Stored data
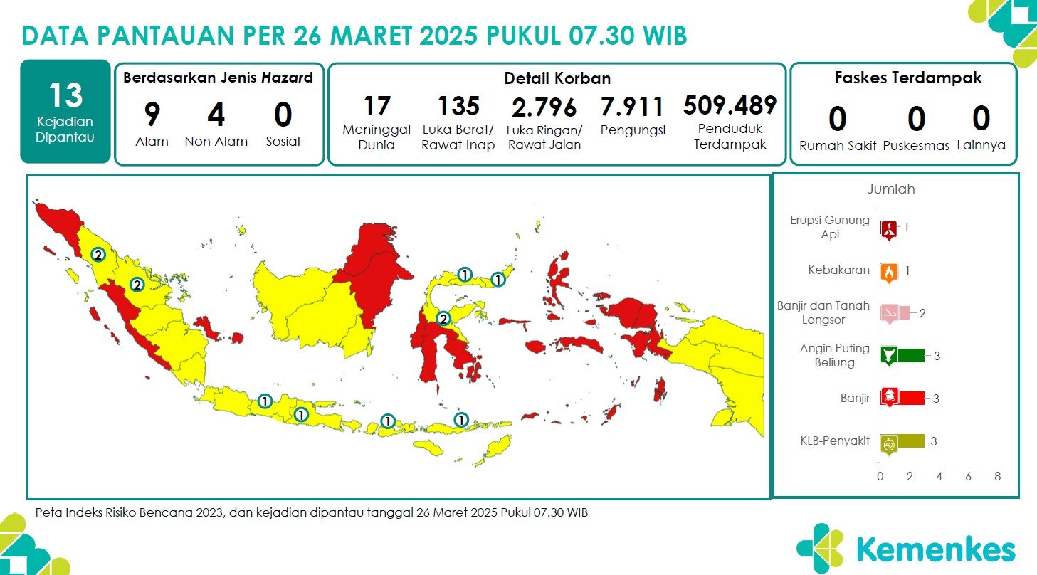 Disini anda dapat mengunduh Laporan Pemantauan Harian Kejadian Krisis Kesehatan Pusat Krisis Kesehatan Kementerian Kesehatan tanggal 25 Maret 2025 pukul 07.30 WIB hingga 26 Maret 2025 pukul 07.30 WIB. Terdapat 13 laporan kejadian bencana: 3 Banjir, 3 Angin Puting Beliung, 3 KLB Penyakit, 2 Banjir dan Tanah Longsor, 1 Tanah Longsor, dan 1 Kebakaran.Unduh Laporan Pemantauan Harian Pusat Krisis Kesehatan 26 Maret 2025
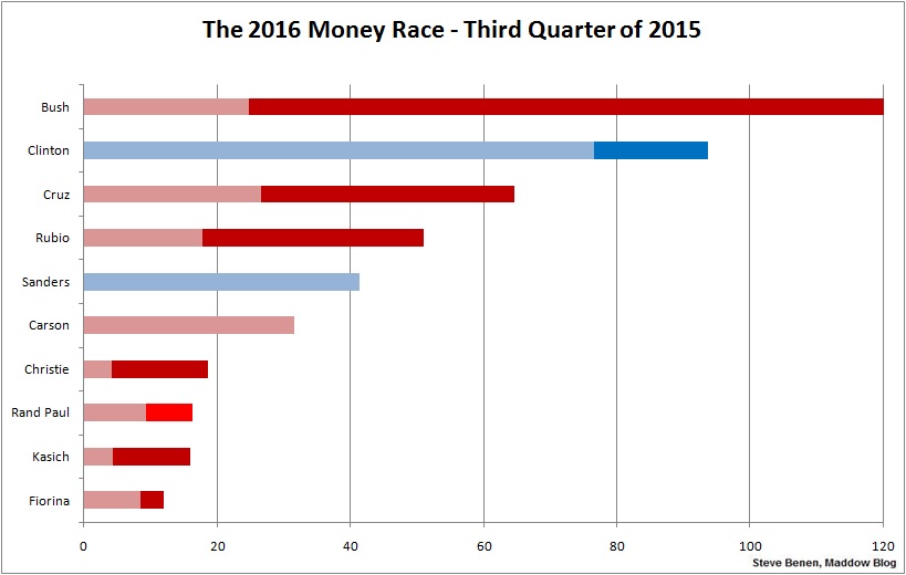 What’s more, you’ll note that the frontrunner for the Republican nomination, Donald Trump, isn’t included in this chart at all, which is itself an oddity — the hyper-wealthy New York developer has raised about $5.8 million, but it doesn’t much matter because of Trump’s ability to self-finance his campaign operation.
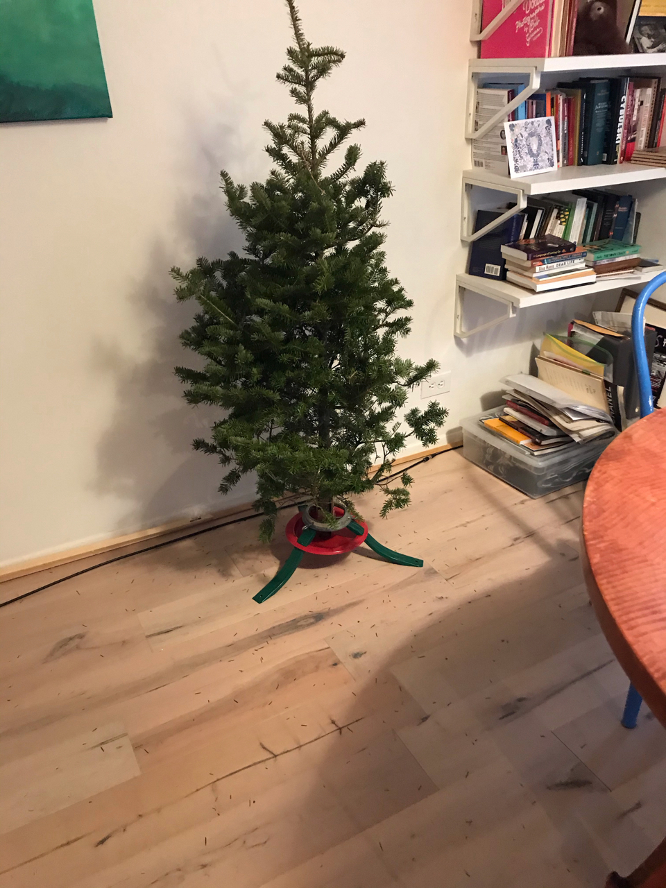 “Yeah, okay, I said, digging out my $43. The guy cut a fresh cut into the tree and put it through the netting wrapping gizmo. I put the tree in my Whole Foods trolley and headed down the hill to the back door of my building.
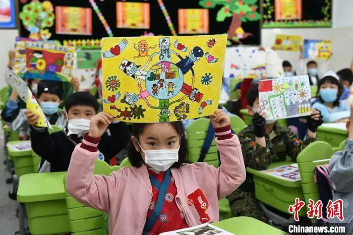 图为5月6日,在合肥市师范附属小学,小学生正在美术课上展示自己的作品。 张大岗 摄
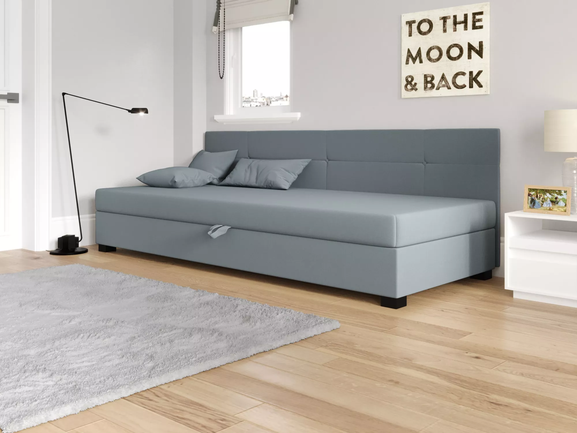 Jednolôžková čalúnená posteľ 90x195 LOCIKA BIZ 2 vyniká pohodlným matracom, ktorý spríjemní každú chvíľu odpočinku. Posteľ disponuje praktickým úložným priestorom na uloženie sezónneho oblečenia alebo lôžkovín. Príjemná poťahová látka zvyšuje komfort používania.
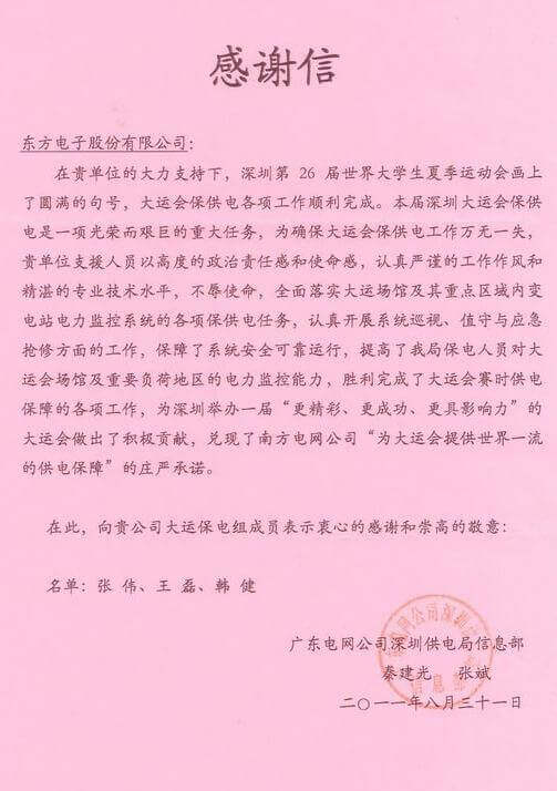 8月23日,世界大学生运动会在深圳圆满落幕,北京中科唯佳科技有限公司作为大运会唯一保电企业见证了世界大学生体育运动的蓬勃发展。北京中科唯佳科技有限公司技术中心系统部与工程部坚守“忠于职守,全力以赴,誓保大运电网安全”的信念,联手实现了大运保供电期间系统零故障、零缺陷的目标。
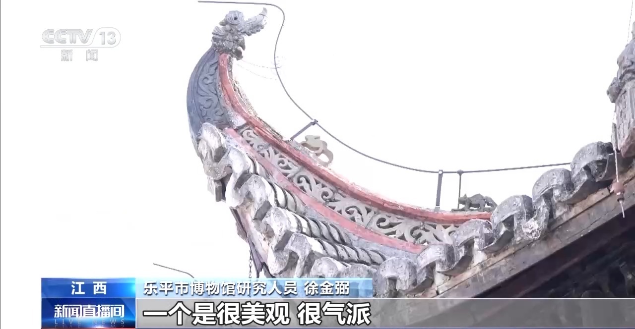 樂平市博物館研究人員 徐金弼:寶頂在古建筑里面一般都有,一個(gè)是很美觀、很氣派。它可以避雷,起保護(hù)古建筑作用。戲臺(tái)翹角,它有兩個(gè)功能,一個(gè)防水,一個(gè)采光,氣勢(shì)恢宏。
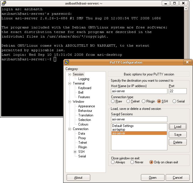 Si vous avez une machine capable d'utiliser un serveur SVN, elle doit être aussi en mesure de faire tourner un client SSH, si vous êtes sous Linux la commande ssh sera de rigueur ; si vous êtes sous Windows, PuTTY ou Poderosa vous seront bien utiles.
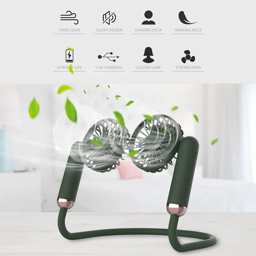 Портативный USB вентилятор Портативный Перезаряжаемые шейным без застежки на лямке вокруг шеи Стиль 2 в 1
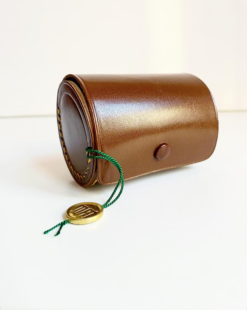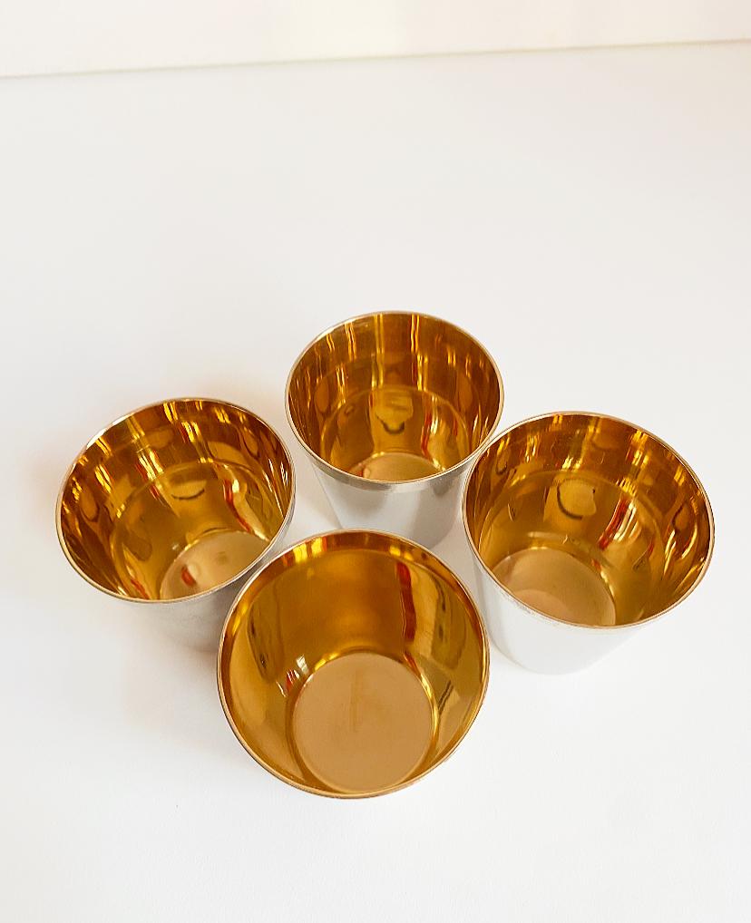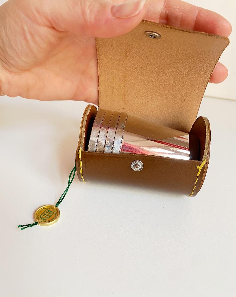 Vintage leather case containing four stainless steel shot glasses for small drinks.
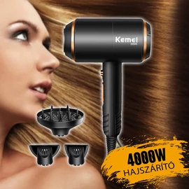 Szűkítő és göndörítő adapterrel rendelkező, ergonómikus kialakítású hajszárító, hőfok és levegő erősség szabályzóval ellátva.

#### [Task objective]
The reply must consist of the records, repeated exactly, minus any images.

#### [Answer for this exercise]
 Disini anda dapat mengunduh Laporan Pemantauan Harian Kejadian Krisis Kesehatan Pusat Krisis Kesehatan Kementerian Kesehatan tanggal 25 Maret 2025 pukul 07.30 WIB hingga 26 Maret 2025 pukul 07.30 WIB. Terdapat 13 laporan kejadian bencana: 3 Banjir, 3 Angin Puting Beliung, 3 KLB Penyakit, 2 Banjir dan Tanah Longsor, 1 Tanah Longsor, dan 1 Kebakaran.Unduh Laporan Pemantauan Harian Pusat Krisis Kesehatan 26 Maret 2025
 What’s more, you’ll note that the frontrunner for the Republican nomination, Donald Trump, isn’t included in this chart at all, which is itself an oddity — the hyper-wealthy New York developer has raised about $5.8 million, but it doesn’t much matter because of Trump’s ability to self-finance his campaign operation.
 “Yeah, okay, I said, digging out my $43. The guy cut a fresh cut into the tree and put it through the netting wrapping gizmo. I put the tree in my Whole Foods trolley and headed down the hill to the back door of my building.
 图为5月6日,在合肥市师范附属小学,小学生正在美术课上展示自己的作品。 张大岗 摄
 Jednolôžková čalúnená posteľ 90x195 LOCIKA BIZ 2 vyniká pohodlným matracom, ktorý spríjemní každú chvíľu odpočinku. Posteľ disponuje praktickým úložným priestorom na uloženie sezónneho oblečenia alebo lôžkovín. Príjemná poťahová látka zvyšuje komfort používania.
 8月23日,世界大学生运动会在深圳圆满落幕,北京中科唯佳科技有限公司作为大运会唯一保电企业见证了世界大学生体育运动的蓬勃发展。北京中科唯佳科技有限公司技术中心系统部与工程部坚守“忠于职守,全力以赴,誓保大运电网安全”的信念,联手实现了大运保供电期间系统零故障、零缺陷的目标。
 樂平市博物館研究人員 徐金弼:寶頂在古建筑里面一般都有,一個(gè)是很美觀、很氣派。它可以避雷,起保護(hù)古建筑作用。戲臺(tái)翹角,它有兩個(gè)功能,一個(gè)防水,一個(gè)采光,氣勢(shì)恢宏。
 Si vous avez une machine capable d'utiliser un serveur SVN, elle doit être aussi en mesure de faire tourner un client SSH, si vous êtes sous Linux la commande ssh sera de rigueur ; si vous êtes sous Windows, PuTTY ou Poderosa vous seront bien utiles.
 Портативный USB вентилятор Портативный Перезаряжаемые шейным без застежки на лямке вокруг шеи Стиль 2 в 1
 Vintage leather case containing four stainless steel shot glasses for small drinks.
 Szűkítő és göndörítő adapterrel rendelkező, ergonómikus kialakítású hajszárító, hőfok és levegő erősség szabályzóval ellátva.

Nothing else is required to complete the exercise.